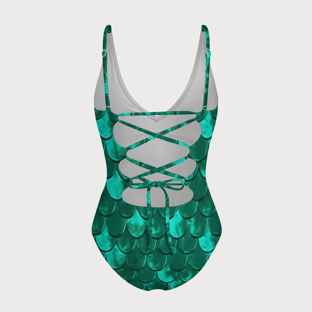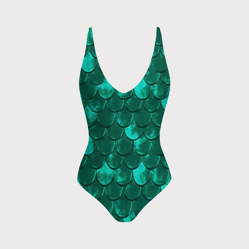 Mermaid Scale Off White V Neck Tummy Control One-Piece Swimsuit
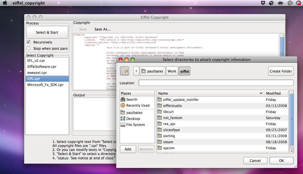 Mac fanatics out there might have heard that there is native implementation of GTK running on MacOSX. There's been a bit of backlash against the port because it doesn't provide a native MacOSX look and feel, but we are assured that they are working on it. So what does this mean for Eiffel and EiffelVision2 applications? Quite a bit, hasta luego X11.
==
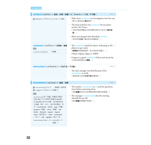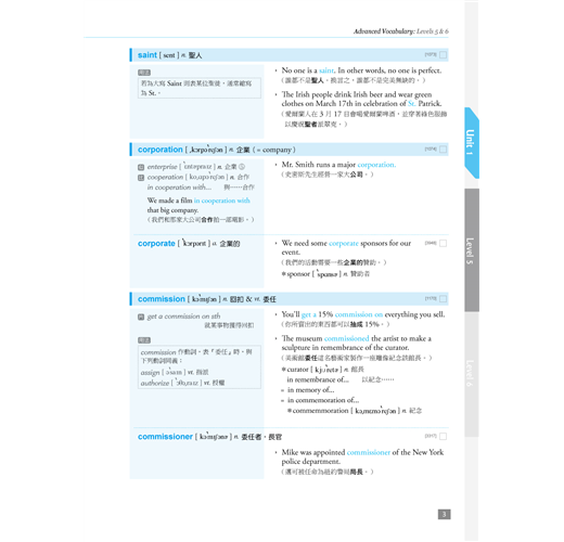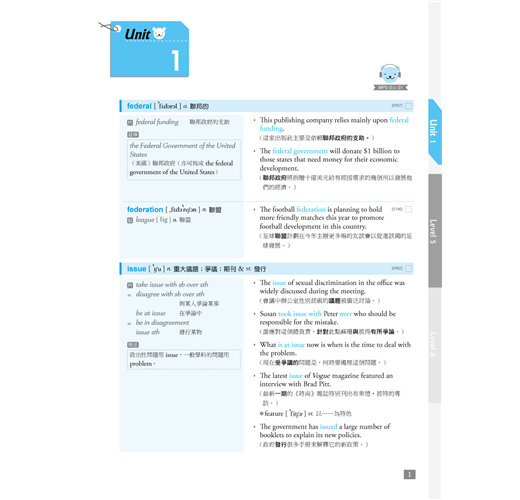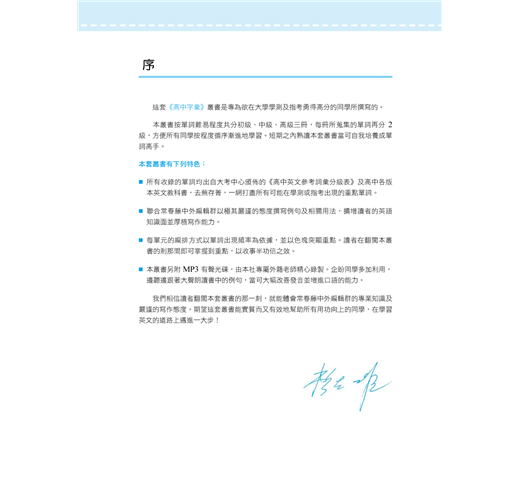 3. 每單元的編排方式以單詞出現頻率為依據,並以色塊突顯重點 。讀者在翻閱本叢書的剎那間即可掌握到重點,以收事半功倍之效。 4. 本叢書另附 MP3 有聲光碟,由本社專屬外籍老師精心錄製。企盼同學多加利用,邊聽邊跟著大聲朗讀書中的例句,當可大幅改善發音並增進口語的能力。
---
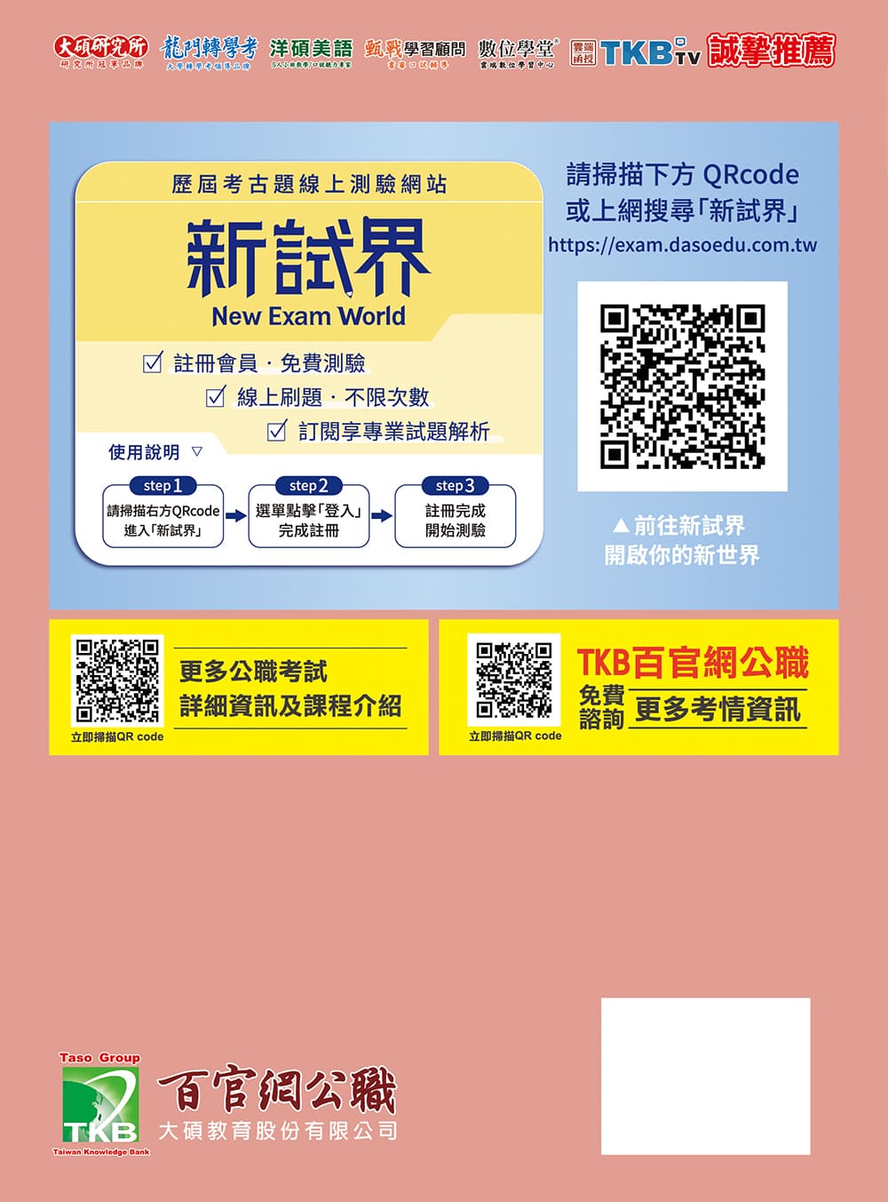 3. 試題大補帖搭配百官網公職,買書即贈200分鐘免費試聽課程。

### Problem description
Only the lines above from the one containing "Mermaid Scale Off" through the one containing "Mac fanatics out" should be returned, verbatim and inclusive, with pictures excluded.

### Exercise output
 Mermaid Scale Off White V Neck Tummy Control One-Piece Swimsuit
 Mac fanatics out there might have heard that there is native implementation of GTK running on MacOSX. There's been a bit of backlash against the port because it doesn't provide a native MacOSX look and feel, but we are assured that they are working on it. So what does this mean for Eiffel and EiffelVision2 applications? Quite a bit, hasta luego X11.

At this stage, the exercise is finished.